> [TASK BRIEF]: Only the lines from the one containing "Os participantes do" to the end of the material are to be copied, exactly and in full; images stay out.

> [DATA BELOW]:
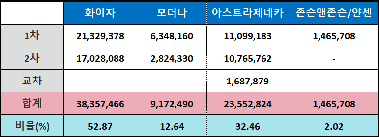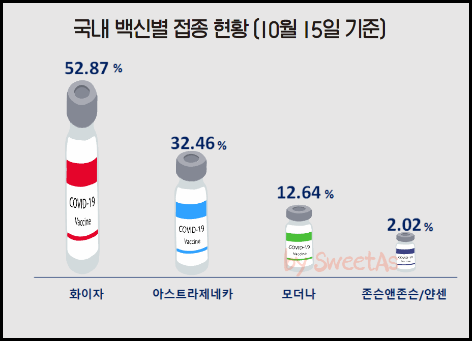 아래 그래프는 10월 15일 질병 관리청 자료를 참고하여, 국내 백신별 누적 접종 횟수를 코로나 백신 총 누적 접종 횟수로 나누어 계산한 자료입니다. 자세한 백신 별 누적 접종 횟수는 아래 표에서 확인해주세요.
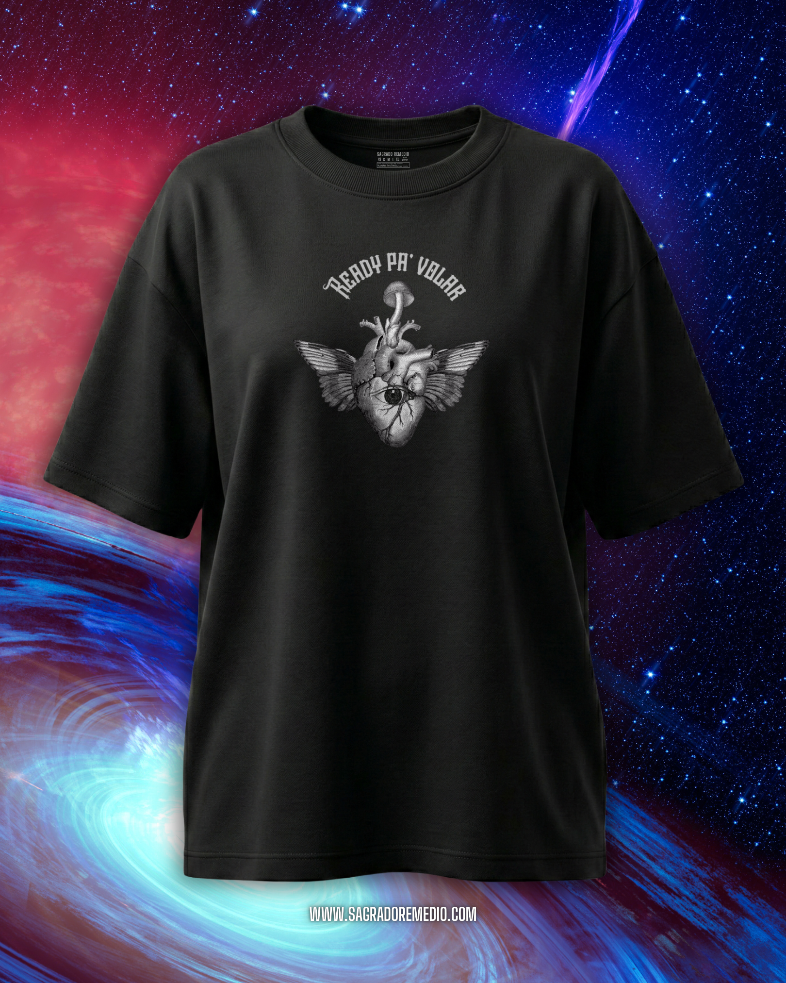La playera oversize que diseñamos en Sagrado Remedio está pensada para acompañarte en todo momento de tu día a día mientras navegas con una excepcional comodidad premium el mundo y sus desafíos, y tus propias aventuras en el interior de tu universo, a través de experiencias con macrodosis o microdosis de Sagrado Remedio.
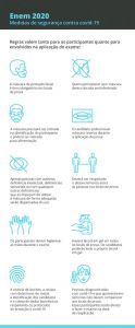 Os participantes do Exame Nacional do Ensino Médio (Enem) 2020 devem estar atentos às regras para evitar o contágio pelo novo coronavírus. As medidas que devem ser adotadas tanto na aplicação do Enem impresso quanto do Enem digital estão previstas nos editais dos exames, e o descumprimento poderá levar inclusive à eliminação dos candidatos.
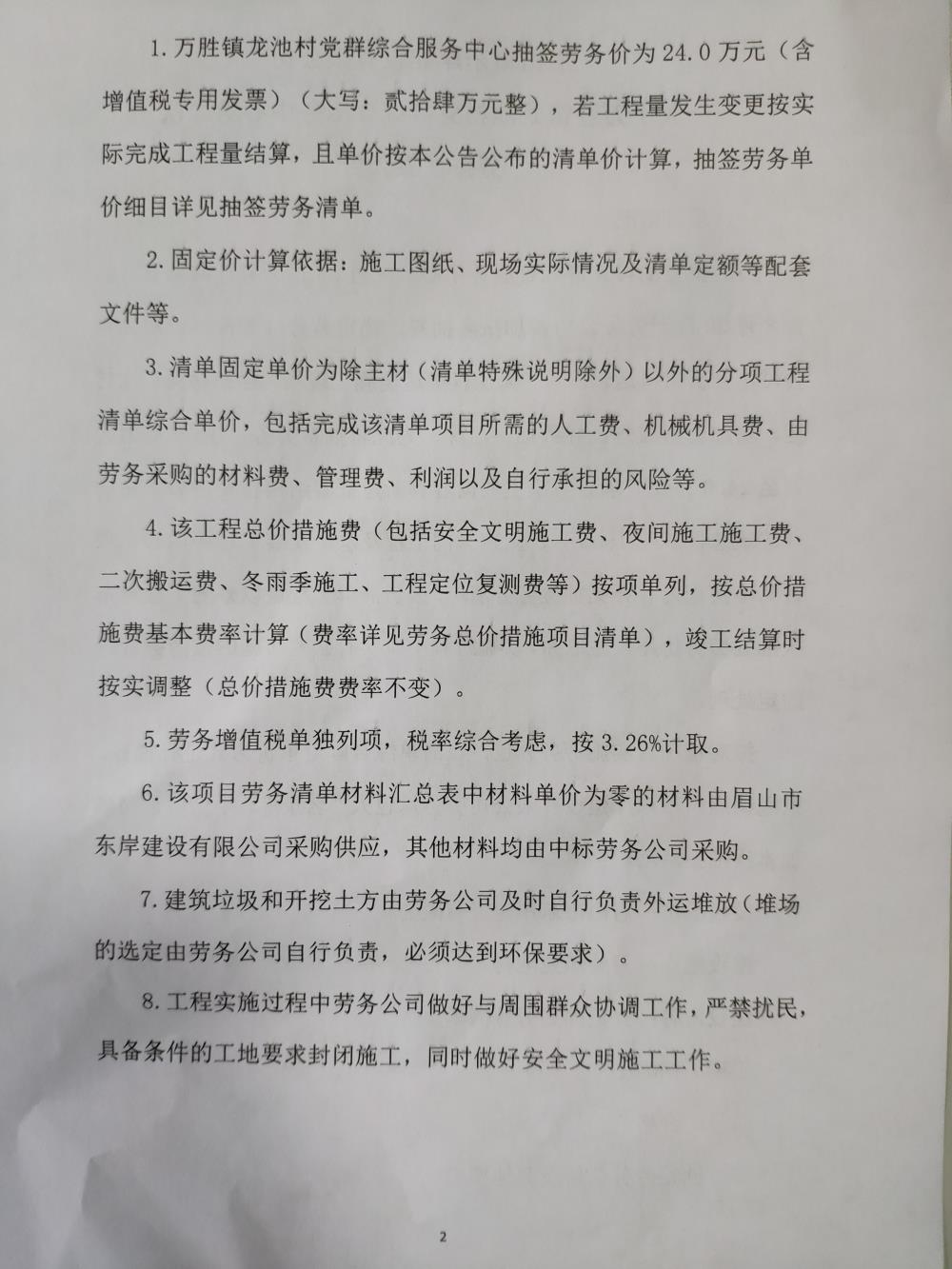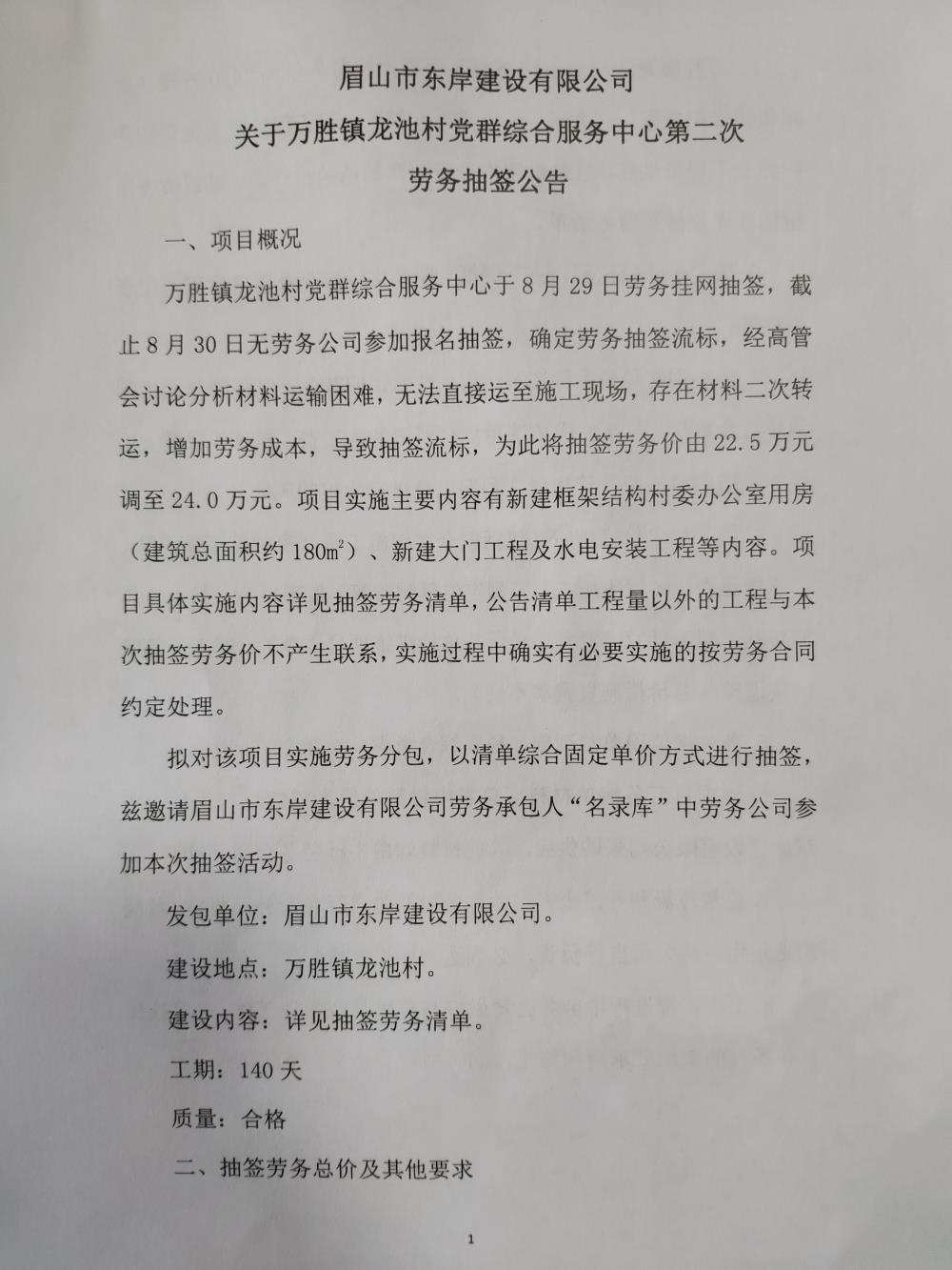 万胜镇龙池村党群综合服务中心第二次抽签公告

> [ANSWER SPACE]:
 Os participantes do Exame Nacional do Ensino Médio (Enem) 2020 devem estar atentos às regras para evitar o contágio pelo novo coronavírus. As medidas que devem ser adotadas tanto na aplicação do Enem impresso quanto do Enem digital estão previstas nos editais dos exames, e o descumprimento poderá levar inclusive à eliminação dos candidatos.
 万胜镇龙池村党群综合服务中心第二次抽签公告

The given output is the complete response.